Mario J. Burkhart ist der Wein-Picasso in Baden: Spitzen-Klasse, statt Masse - durch Selektion in Handarbeit.

Badens Rotwein-Picasso Mario J. Burkhart macht Spitzenweine. (Image: Andreas Schmidt)

Klug ist jener, der Schweres einfach sagt, schrieb schon das Intelligenz-Genie Albert Einstein. Auch der Winzer Mario Burkhart aus Malterdingen ist, als Wein-Macher, ohne jeden Zweifel ein Genie. Sein Credo und sein Geheimnis für seinen allerfeinsten Wein ist auch ganz einfach: Faule, kranke und unterschiedlich reife Trauben sind für guten Wein nicht das Wahre.
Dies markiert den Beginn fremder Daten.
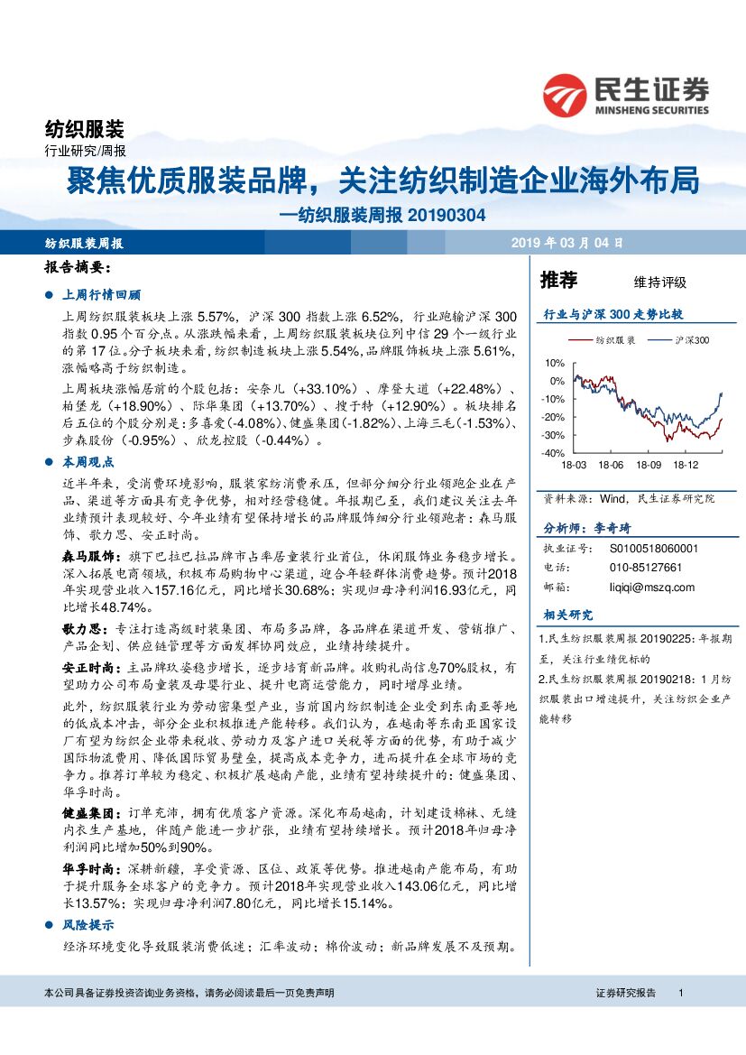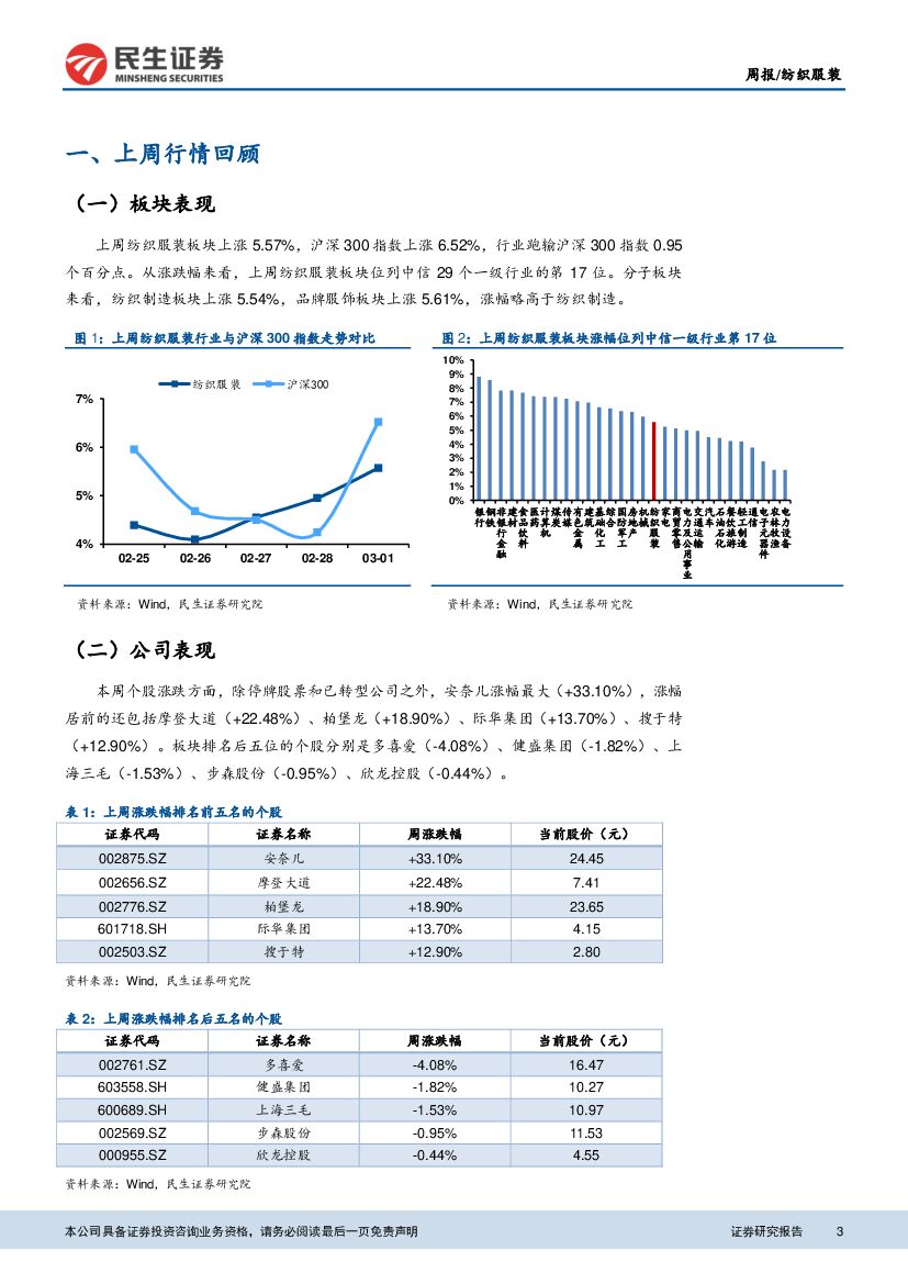 民生证券:纺织服装周报:聚焦优质服装品牌,关注纺织制造企业海外布局.pdf

Wenn die Massen-Produzenten unter den Winzern sich damit brüsten, ihre Arbeit würden Maschinen, Vollernter und osteuropäische Billigarbeiter erledigen, pflegt Burkhart seine Weinstöcke höchstpersönlich und wie ein wahrer Liebender. Der Weinkünstler weiß: Auch beim Wein ist Qualität das Gegenteil von Zufall. Wie seine Trauben, so ist auch sein Weingut: Klein, aber fein im Wein! Burkharts Maxime lautet: Klasse, statt Masse. Er schwimmt nicht mit im Mainstream. Er will seinen Kunden das Besondere, das Rare bieten.
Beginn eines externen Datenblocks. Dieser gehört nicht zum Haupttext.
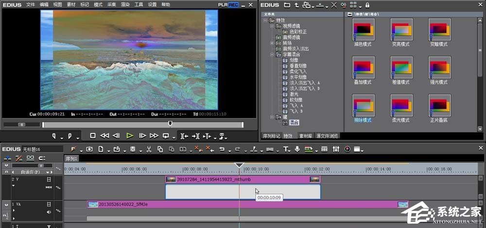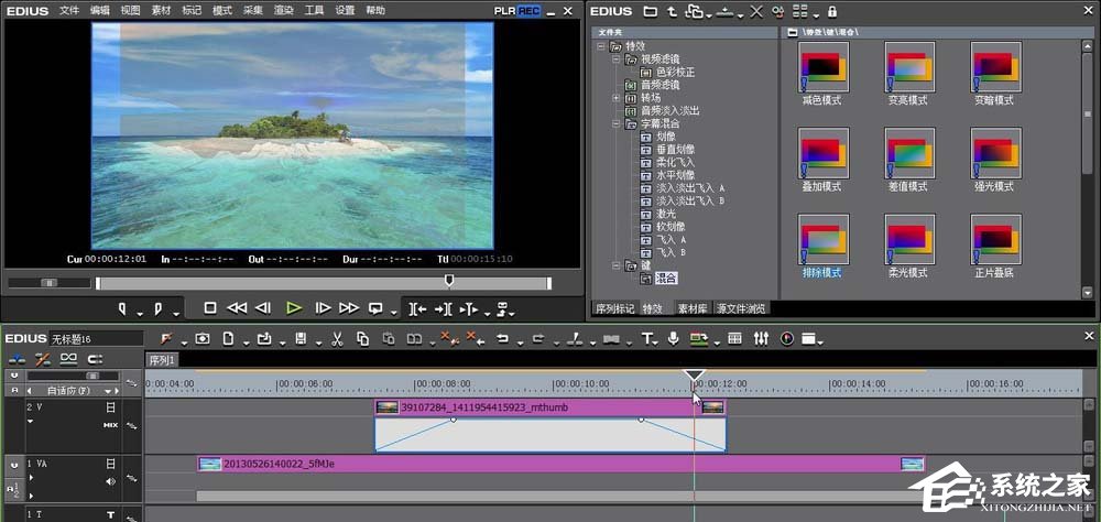 EDIUS 是一款很不错的非线性视频编辑软件,当我们在编辑视频时,要用到排除模式,我们应该怎么操作呢?相信有很多EDIUS的新用户对这个功能还不是很了解,那么接下来小编就为大家介绍一下EDIUS中排除模式的具体使用方法。 方法/步骤 1、首先是要找到这个-排除模式-的存在位置:特效-键-混合。 2、导入我们要编辑的两段素材,图片视频皆可。 3、将两张图片进行上下两个图层的导入,最好是形成上下叠加的关系。 4、找到刚才的排除模式,进行拖拽添加,添加到上层素材,形成默认的排除模式。 5、打开上层素材的透明度关键帧参数,进行排除模式关键点的添加。 6、还可以继续调节关键点的位置,使其形成排除模式的渐变。 |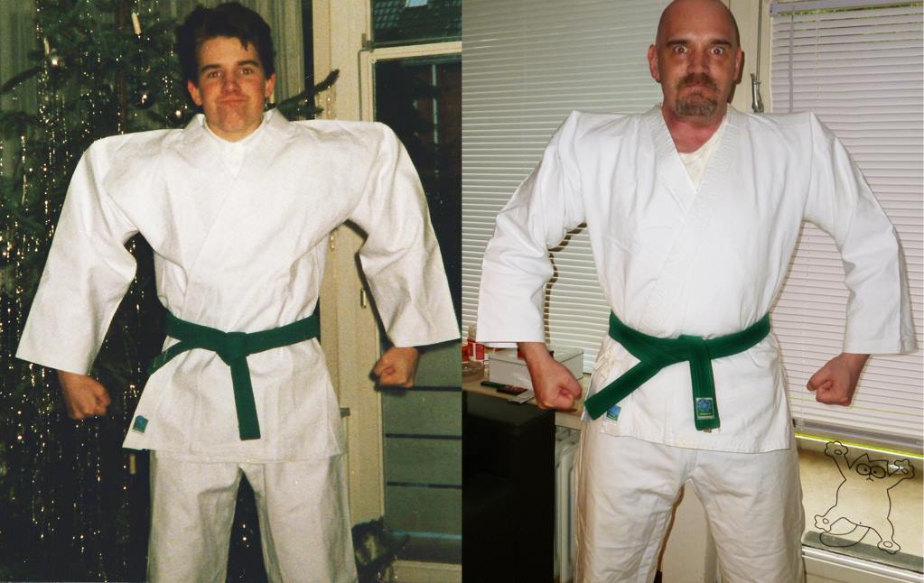 Sehr coole Idee, Dirk. Selbst Schuhe und Jacke bei den oberen Pics sind identisch. Aber nach all den Jahren immer noch beim grünen Gurt?

Wegen dem hohen Arbeitswand und dem kleinen Ertrag sind seine Weine nicht billig, aber naturreine, ehrliche und feine große Gewächse. Manchem Geizhals ist der arbeitsaufwendige Burkhart-Wein zu teuer, doch mancher Lebenskünstler bedenkt, daß das Leben zu kurz ist, um schlechte Weine zu trinken.

Der "Rotwein-Picasso" aus Malterdingen in Baden hat realisiert, dass Vollernter keine Bilder lesen können und keine Impression von den Trauben gewinnen. Burkhart verlässt sich allein auf sein eigenes, liebendes Auge. Und das kostet viel Arbeit, Zeit und Schweiß.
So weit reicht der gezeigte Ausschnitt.